Nine Entertainment Co on outlook at AGM: Weak trading conditions

• Anticipated December quarter recovery gone after recent performance

Nine Entertainment Co today held its Annual General Meeting in Sydney.

The company’s CEO Hugh Marks has provided shareholders with a current trading update and its outlook for FY2020:

The prevailing weakness in consumer sentiment in Australia has manifested itself in weak trading conditions for many consumer facing businesses, and general softness in the overall advertising market. Advertising from pretty much every major advertising category was weak in the September quarter particularly from auto, Government, domestic banks and gambling. And whilst our business has become much less subject to the vagaries of the ad market, this weakness has of course, impacted.

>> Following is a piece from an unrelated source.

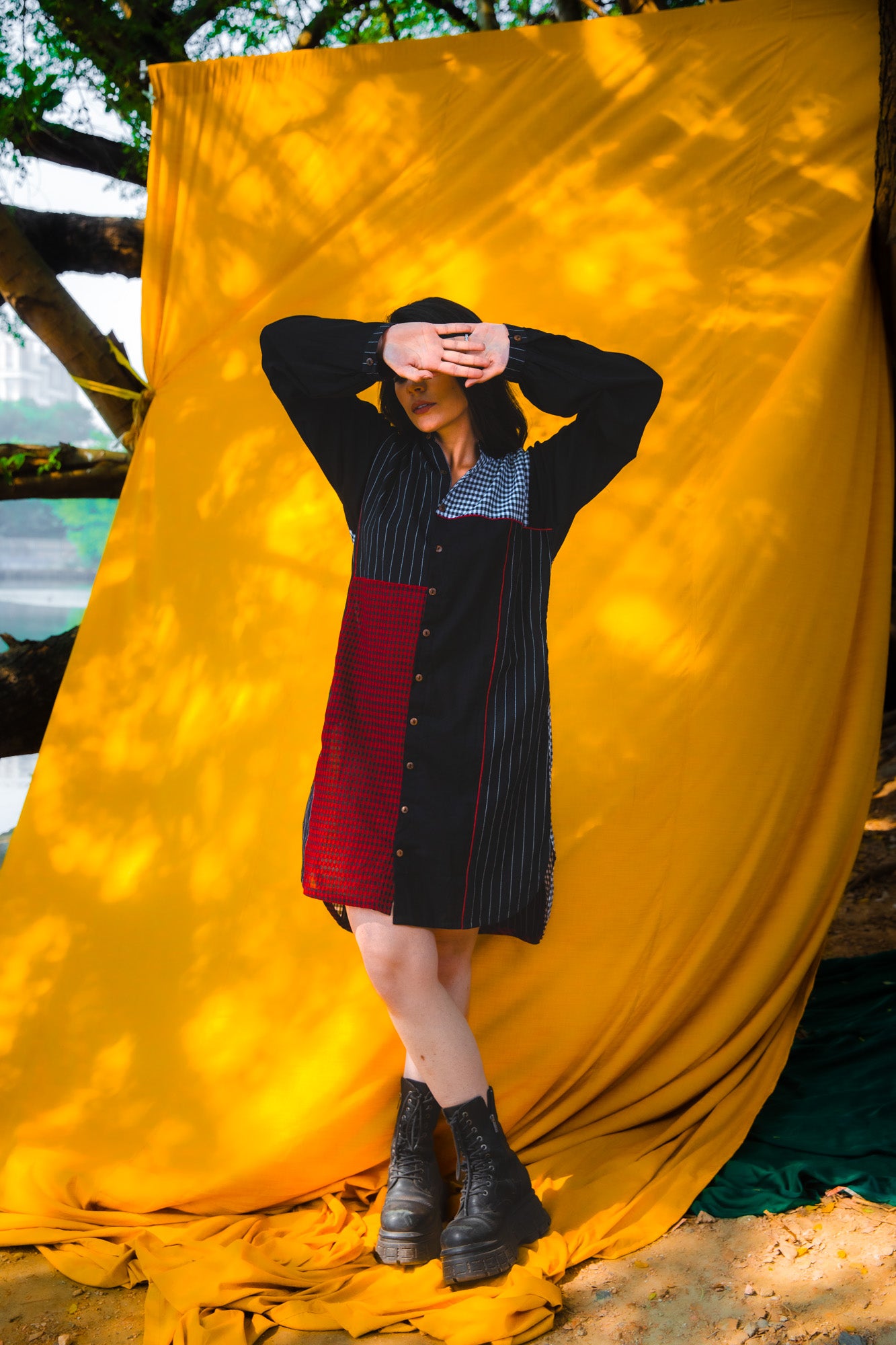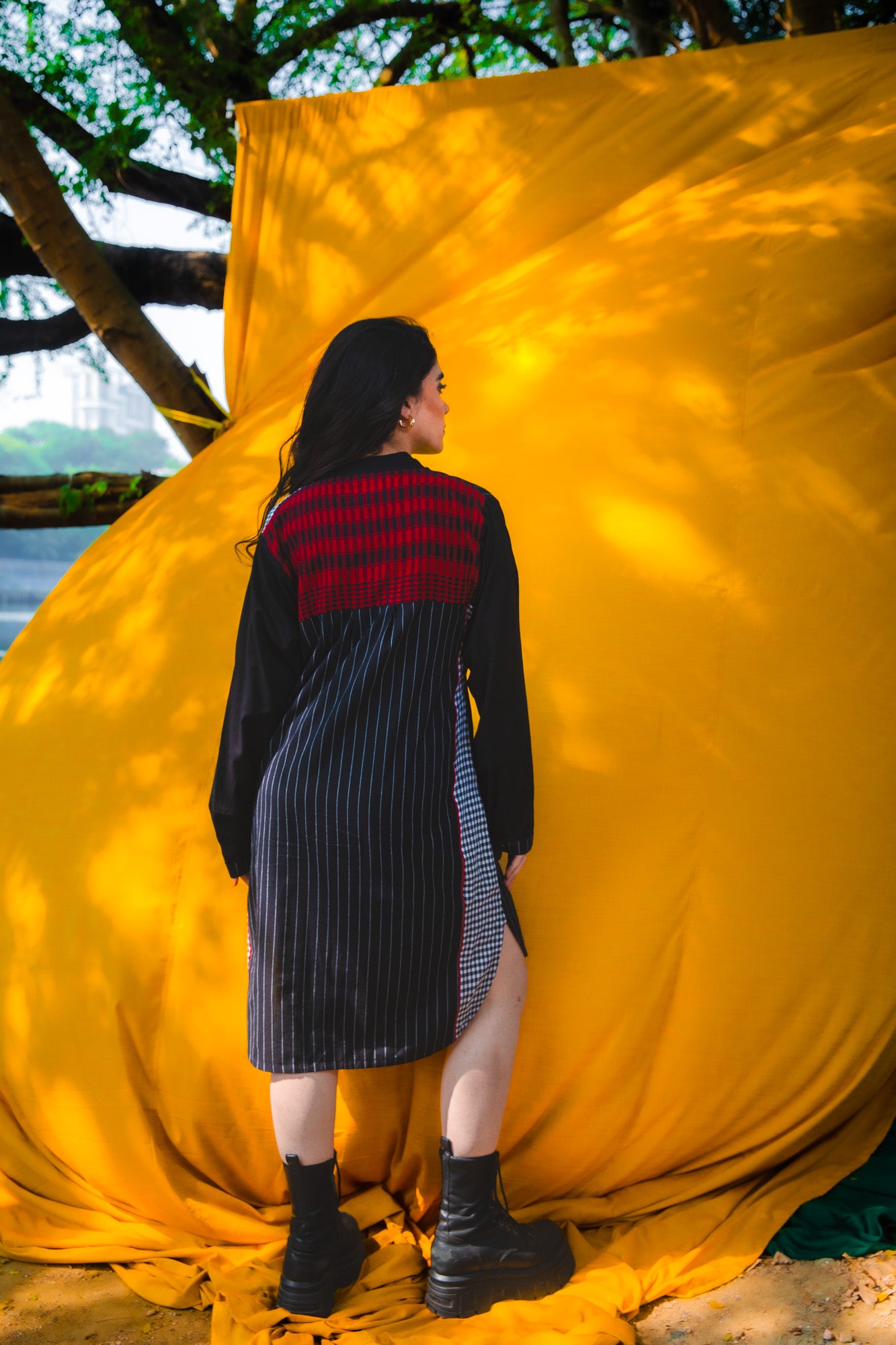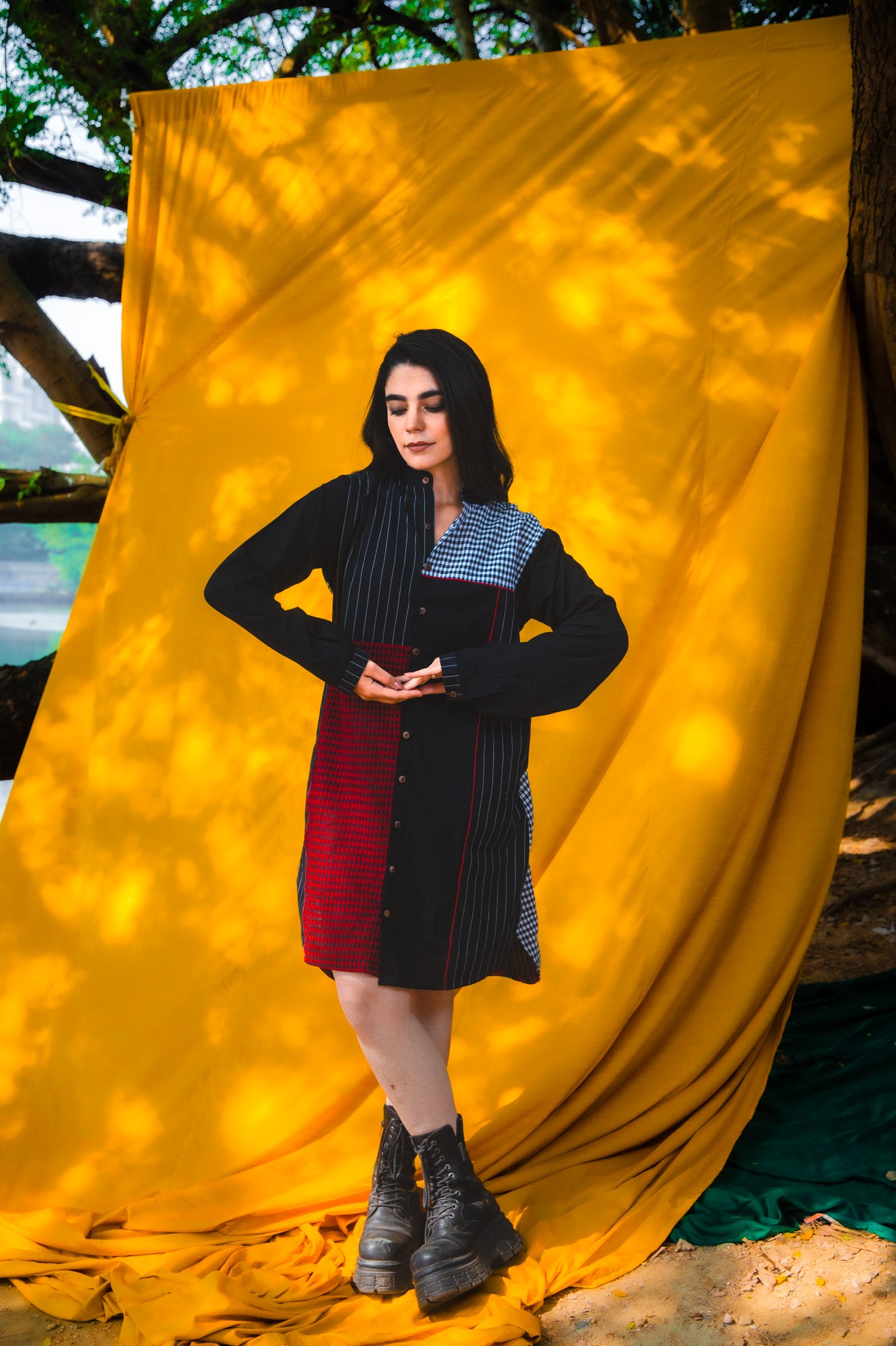 The Checkmate Shirt Dress combines four carefully selected fabrics with meticulous construction to deliver both comfort and elegance. Crafted from 100% cotton, this piece features a flattering silhouette enhanced by thoughtful fabric placement and structure. The classic button-down front, full sleeves, and crisp shirt collar create a polished aesthetic, while the high-low hemline adds contemporary movement. Functional side pockets complete this versatile wardrobe essential, seamlessly transitioning from casual to refined occasions.

Specifically – for the first quarter, while Nine’s Metro Free To Air business achieved a leading revenue share of 39.8%, the market was down by 6.4% on last year…pretty much in line with the overall ad market. Early signs of an improvement in Q2, given a broadly flat September, have unfortunately dissipated in recent weeks. The FTA market in the second quarter looks like being down by at least as much as Q1 – we now expect the market to decline by mid-single digits across the full financial year. We remain confident about share gain through the second half on the back of our audience performance earlier this calendar year, and will be working hard to soften the impact of the weak start to the year. FTA costs are now expected to be 2.5% higher as opposed to the 4% we guided to earlier in the year.

Radio has experienced similarly soft market conditions in the current half exacerbated for Macquarie by the advertiser boycott around the Alan Jones’ program on 2GB. We are confident that full ownership by Nine from November will underpin improved performance, both in terms of reduced costs and the potential for incremental revenue on a medium-term basis. Integration work is well progressed and we are now operating under a new consolidated structure.

There are clear green shoots in the housing market in Australia, in terms of data points like house prices and auction clearance rates.

However, as Domain highlighted at its AGM yesterday, trading in FY20 to date remains challenging, albeit with some improvement on the trends experienced in Q4 FY19. The Group continues to selectively invest in growth initiatives, supported by ongoing cost discipline.

In Digital and Publishing, revenue momentum has built into Q2 across both 9Now and Digital advertising, with improving results from display and short form video in accordance with our strategy. The BVOD market grew by 34% in the September quarter and 9Now’s share remains just below 50%. And in Metro Media, we have continued to gain share across both print and digital mast-heads and further benefited from merger synergies.

In Stan, subscriber momentum has continued through the current period and the business is performing ahead of expectations on all metrics, including profitability and cashflow. Stan has an increasingly entrenched market position and will continue to grow as both international content supply, and consumer demand for that content expand further.

There was always going to be a shift in earnings contribution in this financial year due to timing issues, particularly the one-off costs in the TV business – however, the current advertising market conditions will mean that our first half result is now expected to be approx. 10% down on pcp.

Notwithstanding, with the expectation of growth in linear FTA share, further growth in 9Now and Stan, a pick-up in activity at Domain and early synergies from Macquarie Radio, we are expecting this shortfall to be more than made up in the second half.

For the full year therefore, premised on a Metro FTA market down mid-single digits, we are now expecting to report low single digit growth in FY20 Pro Forma Group EBITDA, pre the impact of AASB16. And for the result to be more weighted to our non-broadcast assets, consistent with our longer term strategy.